Речь зашла о пакете, в котором она хранила оружие, и Эйдер внезапно вспомнил о видеокассете.
Свен Сундквист медленно водил пальцем по строчкам, читая и впитывая каждое слово.
Эйдер заметил кассету, когда она распахнула пакет пошире, доставая оттуда взрывчатку. Это было в самом начале, сразу после того как она их связала, так что Эйдер еще пытался наладить с ней контакт, чтобы завоевать доверие и хотя бы немного облегчить участь остальных. Она сперва не ответила на его вопрос. Но он настаивал, и она наконец ответила на своем ужасном английском.
Она сказала, что на кассете записана truth. Он спросил, какую такую правду она имеет в виду, и она повторила это слово трижды. Truth. Truth. Truth. Потом помолчала минутку, пока разминала пластит, и наконец повернулась к нему и произнесла:
Two cassettes.
In box station train.
Twenty one.
Она даже на пальцах показала – сперва дважды растопырила обе пятерни, а потом выставила большой палец.
Twenty one.
Густав Эйдер заявил, что помнит каждое слово. Он уверен, что она сказала именно это. Поскольку она в принципе говорила мало, запомнить ее слова было нетрудно.
Правда. Две кассеты. В ячейке камеры хранения. На железнодорожном вокзале. Двадцать один.
Свен Сундквист вернулся назад и снова прочел этот абзац.
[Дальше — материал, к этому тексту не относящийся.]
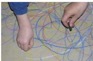
Příběh čáry (program pro I. stupeň ZŠ)

pozn.: program je vhodný pro žáky 1.—3. třídy ZŠ
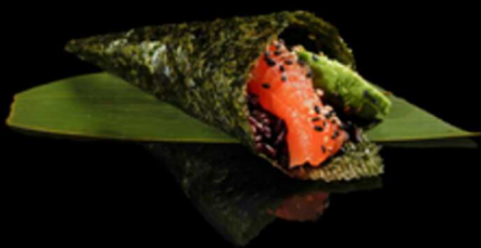
190. TEMAKI BLACK SAKE 1PZ € 6.00

Foglia di tofu farcita con mango, avocado e insalata. Guarnita con salsa di mango e semi di sesamo Allergeni: 6, 11
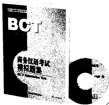
商务汉语考试模拟题集 张进凯 编
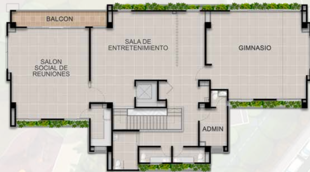
PLANO PISO 2 COLIVING
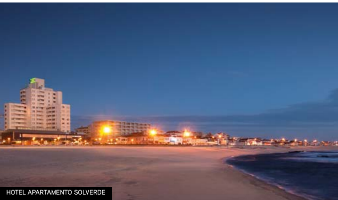
HOTEL APARTAMENTO SOLVERDE
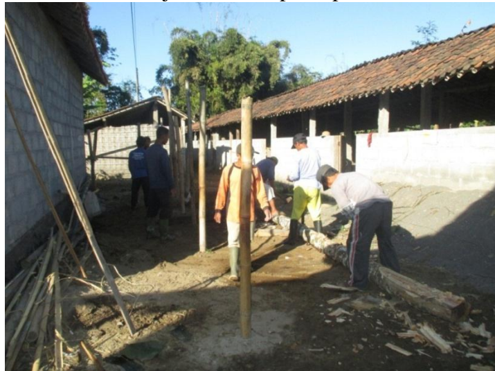
Gambar kerja bakti membuat atap gudang kelompok kandang tani ternak Dadapan
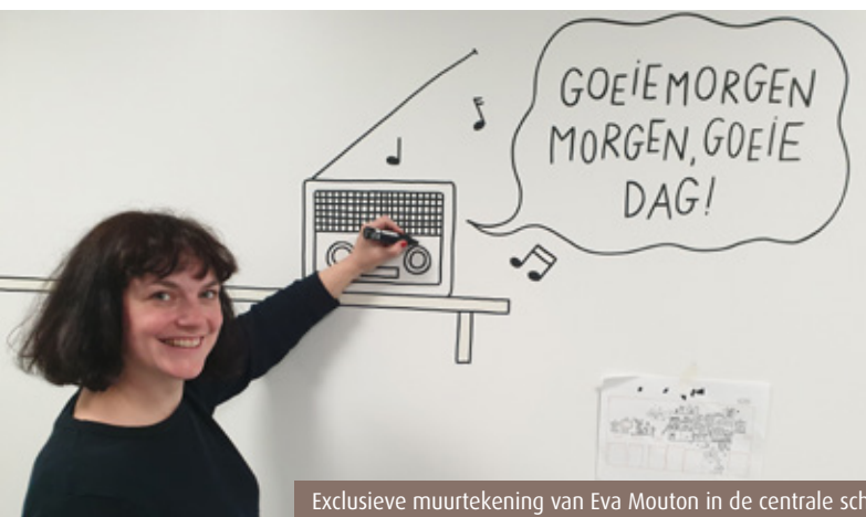
Exclusieve muurtekening van Eva Mouton in de centrale schoonmaakberging
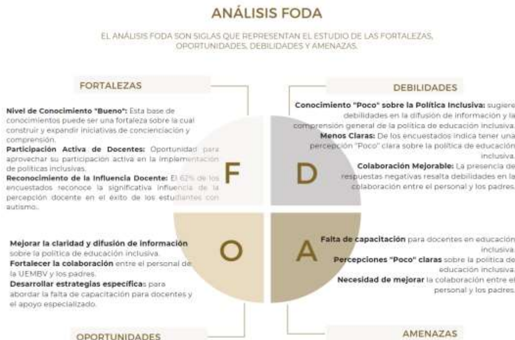
Figura 3. Matriz FODA

Necesidad de Mejorar Colaboración: La identificación de la colaboración como mejorable y las respuestas negativas destacan una amenaza potencial para un entorno de apoyo integral. Problemas en la colaboración pueden afectar negativamente la implementación de políticas inclusivas.
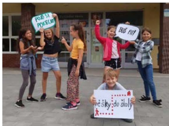
ZŠ Masarova, Brno
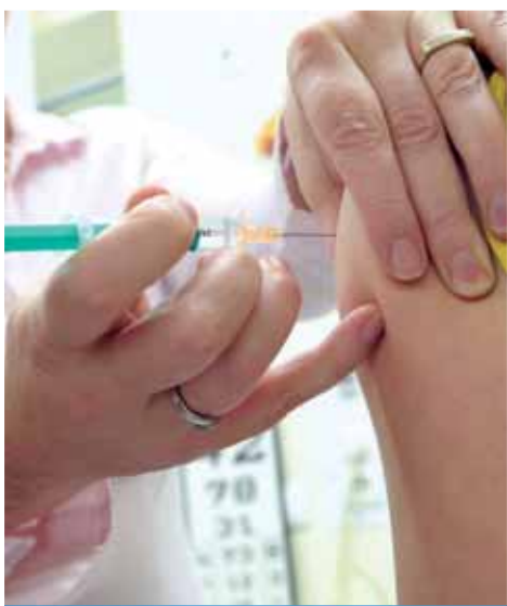
Infuenza | Öt-hét hónapig védettek lehetünk

– Most speciális helyzetben vagyunk, ezért, ha csak nincsen valamiért ellenjavallata, mindenkinek szorgalmazzuk. Már csak abból a megfontolásból is, hogy a koronavírus is hasonló tüneteket produkál, így inkább gondolunk majd arra, hiszen az influenza ellen már beoltották az illetőt.
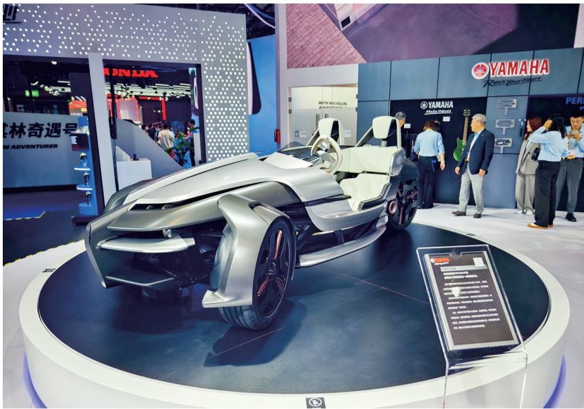
在中国首展的电动三轮概念车
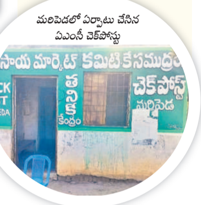
మరిపెడలో ఏర్పాటు చేసిన ఎంపీ చెక్ పోస్టు
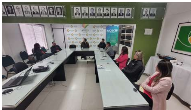
Legislação Trabalhista e Compliance
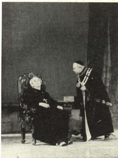
Németh László: VII. Gergely (Nemzeti Színház) Timár József, Gabányi László.
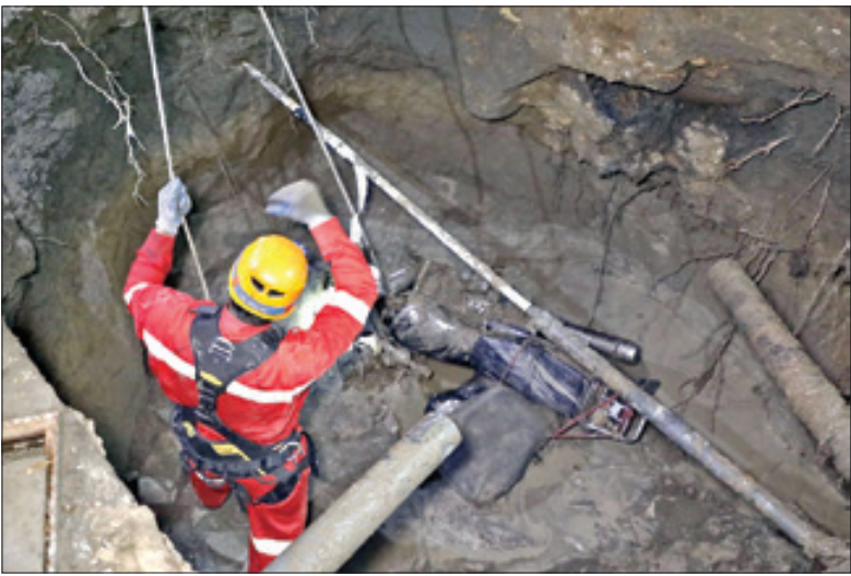
عکس ها از آتش نشانی

که در همان نزدیکی سکونت داشت. پدر برسان و مضطرب خود را به فرزند جوانش رساند و او را از «چاله وحشت» بیرون کشید. چند دقیقه بعد نیز امدادگران ایستگاه ۳ آتش نشانی از راه رسیدند و موتور سیکلت موزع جوان را در حالی از عمق زمین بیرون آوردند که مخاطبان در انتظار «روزنامه خراسان» بودند.
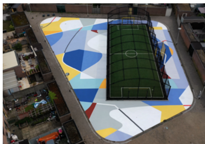
Het eerdere 'Zwarte plein' met de Hein van Gastel-voetbalkooi aan de Odilia van Salmstraat.
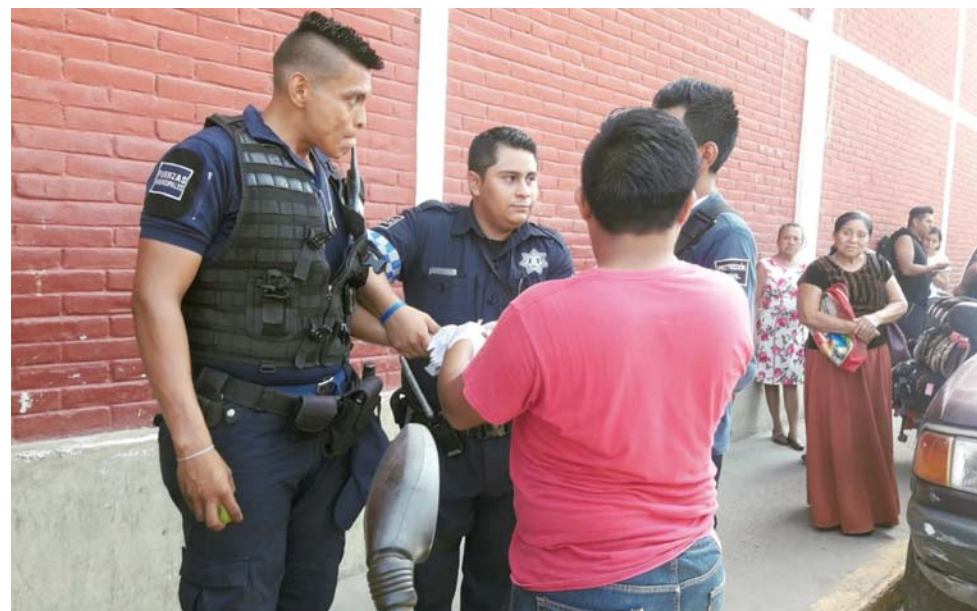
► El hombre atacó al oficial con un cuchillo que cargaba en la cintura.
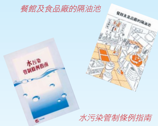
水污染管制條例指南
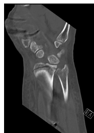
CT Handgelenk anterior/posterior Schnitt 2
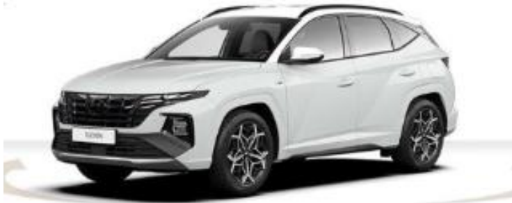
Abbildung ist als unverbindlich zu betrachten. Fahrzeugabbildungen enthalten z. T. auftragsabhängige Sonderausstattungen.

Камера хранения. На железнодорожном вокзале. Двадцать один.
Он был убежден: есть еще одна кассета. Ячейка 21 на Центральном вокзале. Со сломанными язычками, чтобы никто не стер запись. И запись эта – точно не мелодрама.
Он отложил стопку бумаг с расшифровками допросов, встал и немедленно поехал туда.
Он все тыкал снимками ей в лицо.
Лиса Орстрём не умела ненавидеть, она еще никогда и никого не ненавидела. Точно так же, как и не любила. Она отбросила и любовь и ненависть, словно это было одно чувство, только с разными знаками. Не чувствуя одного, она не была обременена и другим. Но вот этого полицейского она почти ненавидела. Скорбь по Хильдингу не была настоящей скорбью, страх, который заронила в ее душе высказанная как бы вскользь, намеками угроза, не был страхом. Все гораздо серьезнее, острее, сильнее. Как если бы все, что она перечувствовала за свою тридцатилетнюю жизнь, в эти часы собралось воедино, спряталось за стыд и она наконец стала сама собой.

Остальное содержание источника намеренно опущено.